═════ Extracted records ═════
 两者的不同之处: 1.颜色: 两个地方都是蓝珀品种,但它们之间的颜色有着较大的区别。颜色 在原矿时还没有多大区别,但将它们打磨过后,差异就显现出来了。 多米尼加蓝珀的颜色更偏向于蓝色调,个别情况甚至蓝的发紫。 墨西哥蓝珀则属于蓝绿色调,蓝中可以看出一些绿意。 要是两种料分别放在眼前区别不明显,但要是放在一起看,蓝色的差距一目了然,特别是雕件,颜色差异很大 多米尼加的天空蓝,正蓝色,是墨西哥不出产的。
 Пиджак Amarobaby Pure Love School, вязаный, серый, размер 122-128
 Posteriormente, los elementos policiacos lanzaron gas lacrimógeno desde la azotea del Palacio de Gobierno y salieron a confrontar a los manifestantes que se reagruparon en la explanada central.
═════
═════ Extracted records ═════
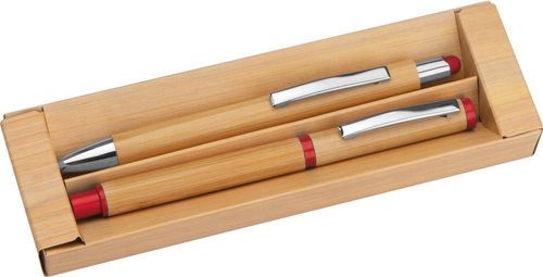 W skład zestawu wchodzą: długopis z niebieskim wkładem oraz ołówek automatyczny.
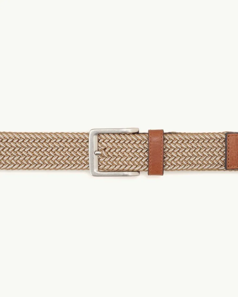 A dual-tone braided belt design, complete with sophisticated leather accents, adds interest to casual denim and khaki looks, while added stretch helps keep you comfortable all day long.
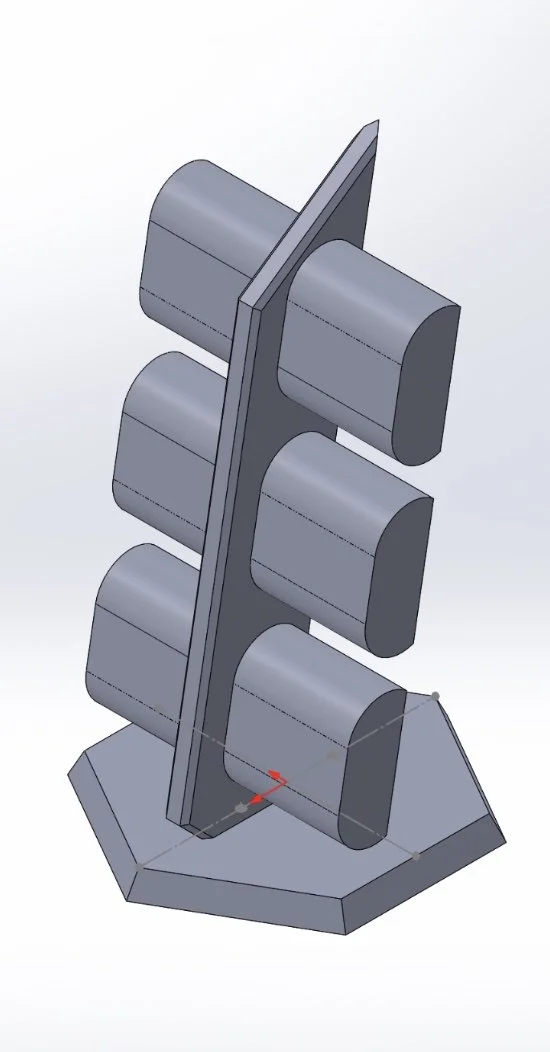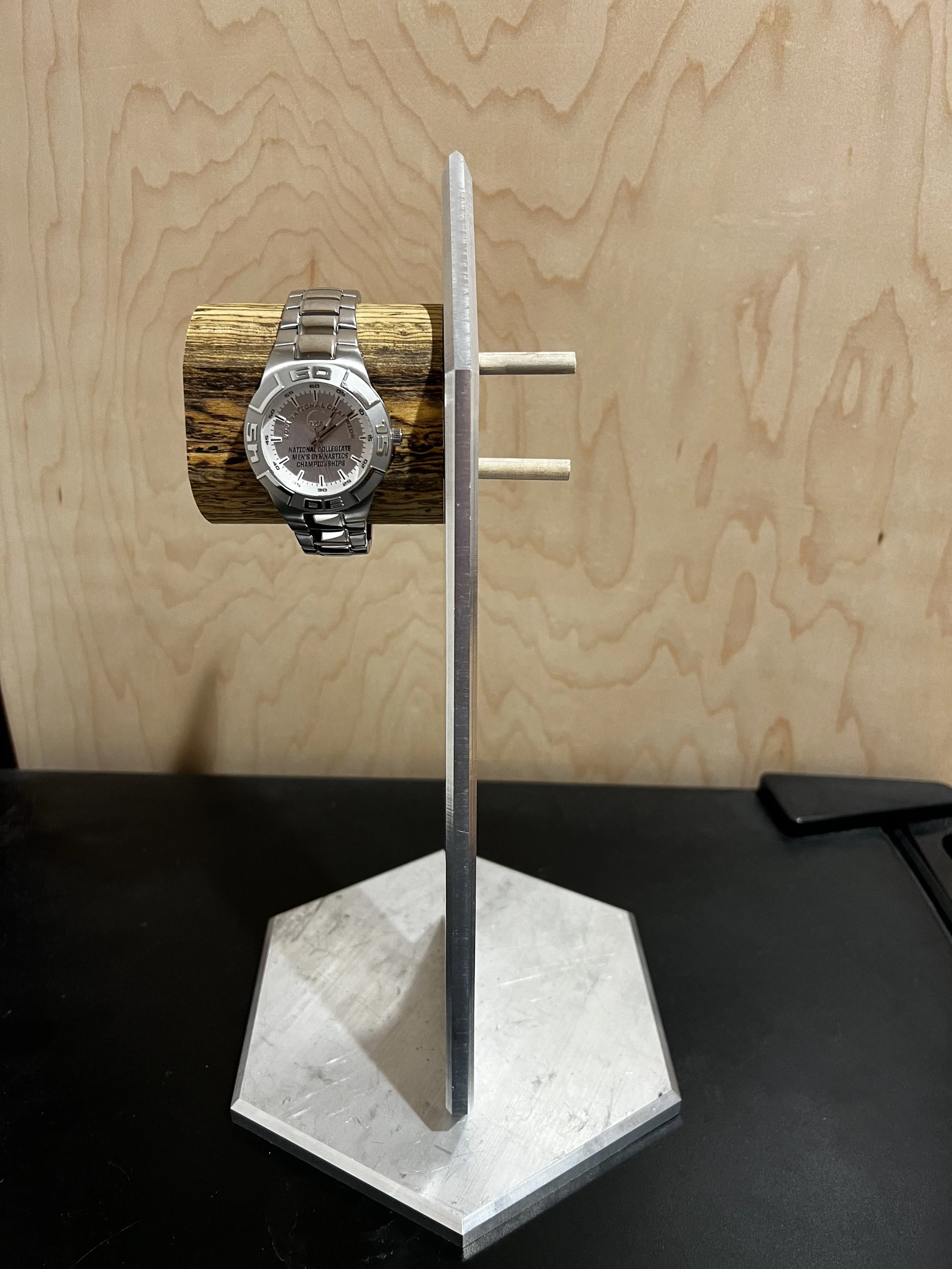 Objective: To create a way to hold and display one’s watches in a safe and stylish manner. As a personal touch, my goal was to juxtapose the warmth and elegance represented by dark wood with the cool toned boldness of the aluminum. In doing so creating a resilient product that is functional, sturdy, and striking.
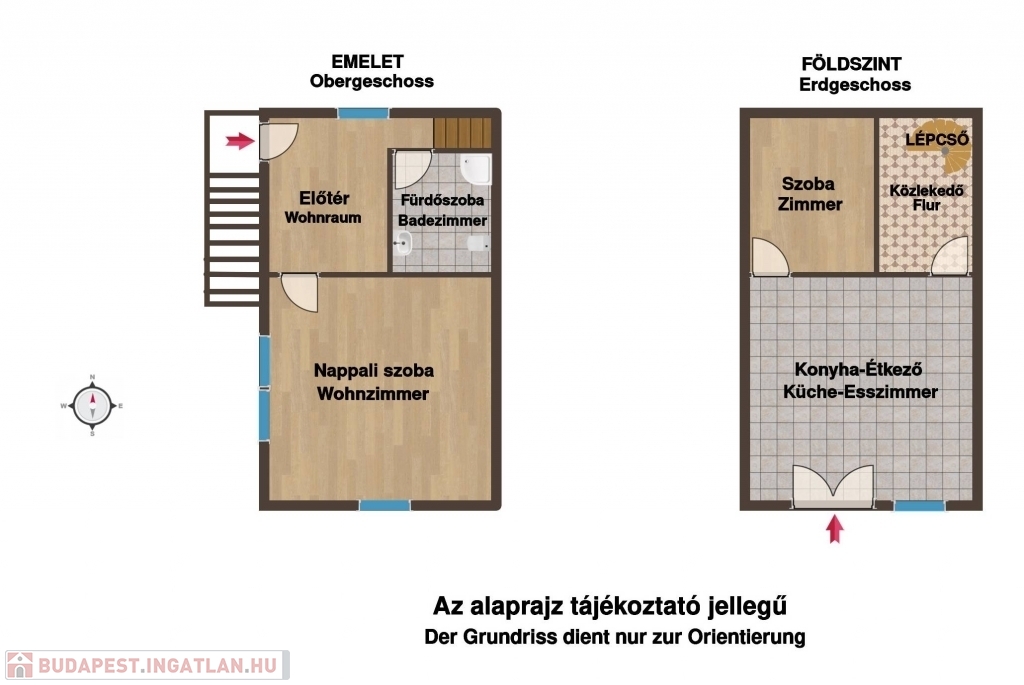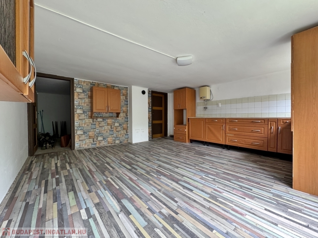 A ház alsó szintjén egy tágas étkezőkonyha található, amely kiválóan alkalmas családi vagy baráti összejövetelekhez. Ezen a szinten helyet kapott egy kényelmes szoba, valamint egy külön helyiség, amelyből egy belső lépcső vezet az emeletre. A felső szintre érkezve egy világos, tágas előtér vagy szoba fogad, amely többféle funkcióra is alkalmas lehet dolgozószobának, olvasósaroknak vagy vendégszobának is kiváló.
═════
═════ Extracted records ═════
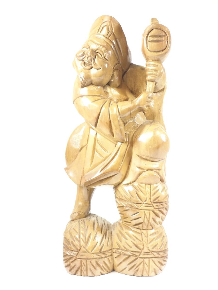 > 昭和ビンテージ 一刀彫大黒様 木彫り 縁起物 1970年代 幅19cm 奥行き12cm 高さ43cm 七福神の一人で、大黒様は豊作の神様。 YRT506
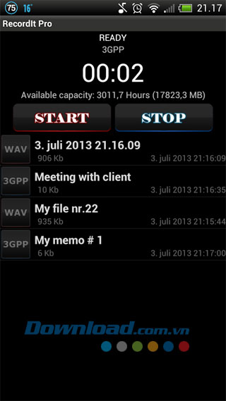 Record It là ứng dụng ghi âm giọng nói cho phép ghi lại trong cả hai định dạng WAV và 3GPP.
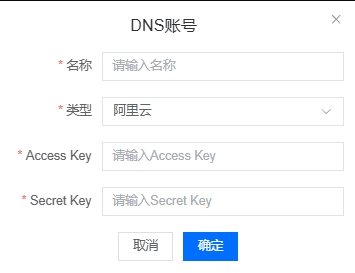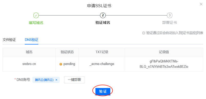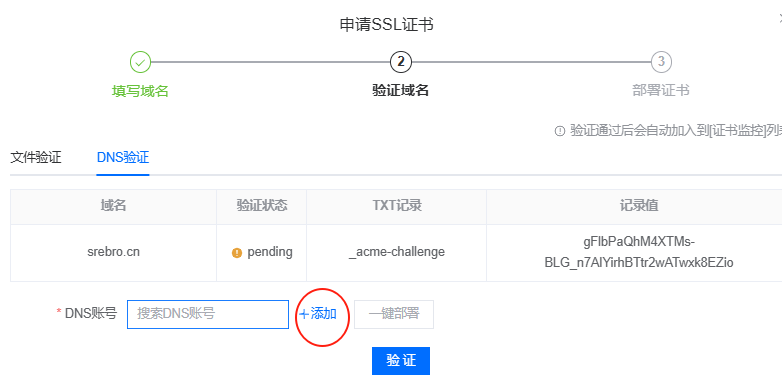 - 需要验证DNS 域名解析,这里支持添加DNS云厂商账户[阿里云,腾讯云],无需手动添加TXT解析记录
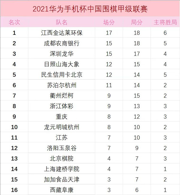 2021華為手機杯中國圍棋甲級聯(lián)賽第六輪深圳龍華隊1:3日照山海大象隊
═════
Problem statement
One stretch of the lines above is wanted, from the line that contains "Пиджак Amarobaby Pure" through the line that contains "Posteriormente, los elementos". Output it exactly.

Solution to this exercise
 Пиджак Amarobaby Pure Love School, вязаный, серый, размер 122-128
 Posteriormente, los elementos policiacos lanzaron gas lacrimógeno desde la azotea del Palacio de Gobierno y salieron a confrontar a los manifestantes que se reagruparon en la explanada central.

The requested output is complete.